Why do some Christians treat theology as dry or irrelevant?
Question 0032
It is one of the great tragedies of the modern church that the study of God—which is what the word “theology” means—has become associated with dusty books, academic jargon, and irrelevant speculation. How did we get to the point where knowing God is considered boring? How did understanding the Creator of the universe become something Christians avoid rather than pursue?
There are several reasons for this, and understanding them can help us recover what has been lost.
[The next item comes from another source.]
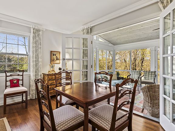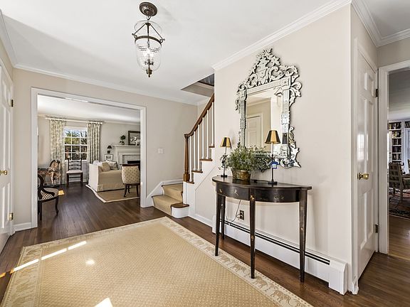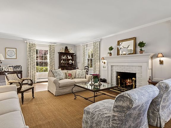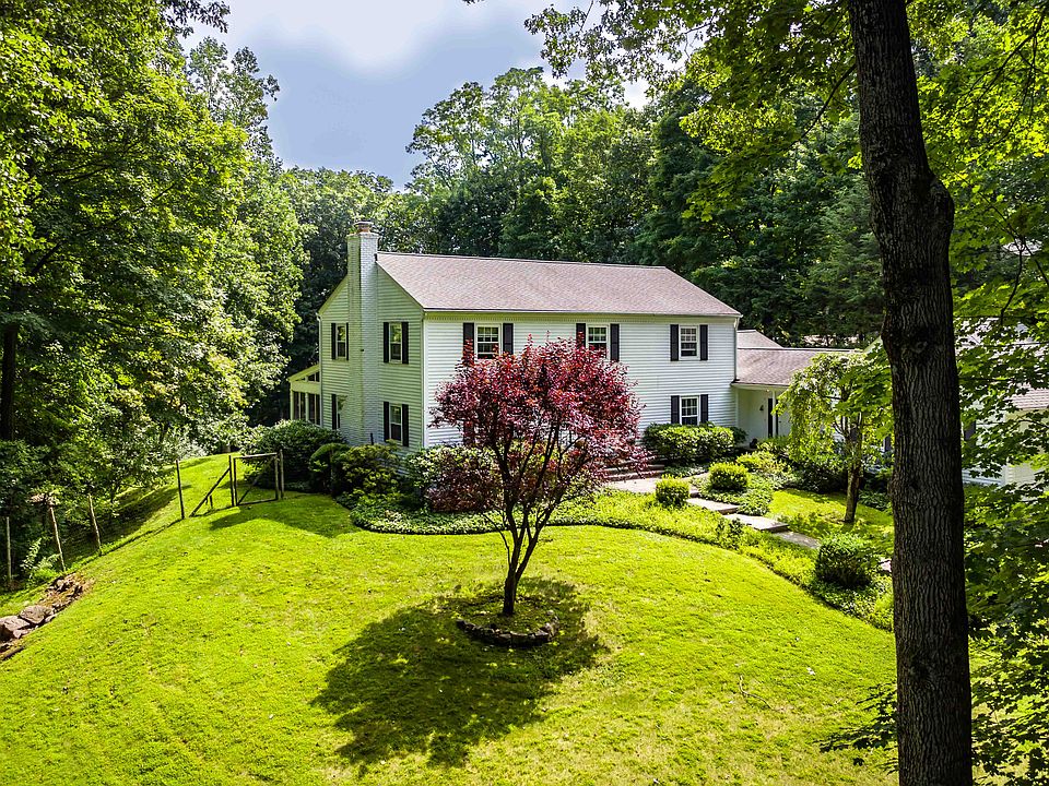 Gracious Lawrence Farms East Colonial, privately set on 2.87 acres that extend down to Taylor Road. This home has been expanded and renovated to maximize an easy, updated flow that is perfect for entertaining, both inside and out. Woodland Road is a short cul-de-sac. This Colonial sits up where its views are unobstructed. The fifth bedroom, with full bath, is on the first floor. The expanded family room features a large, custom fireplace, built-ins, a back wall of windows, plus doors opening to a screened porch and another set of doors that lead to the patio. The renovated kitchen has a cathedral ceiling, allowing for a palladium window, plus there is an interesting horizontal window that is just above counter level. The breakfast room is large with glass doors that open to an oversized patio. There is a storage room over the attached garage, the basement houses the oil tanks and is unfinished.

The Separation of Head and Heart
Somewhere along the way, Western Christianity developed an unhealthy division between knowing and feeling, between the intellect and the affections. Theology got assigned to the head, while worship and devotion were assigned to the heart. The result was a bifurcated faith in which studying doctrine was seen as cold and academic, while genuine spirituality was associated with emotional experience.
But this division is entirely foreign to Scripture. When Moses commanded Israel to love the Lord, he specified “with all your heart and with all your soul and with all your might” (Deuteronomy 6:5). When Jesus was asked about the greatest commandment, He quoted this passage and added “with all your mind” (Matthew 22:37). Biblical love for God is comprehensive—it engages every faculty we possess.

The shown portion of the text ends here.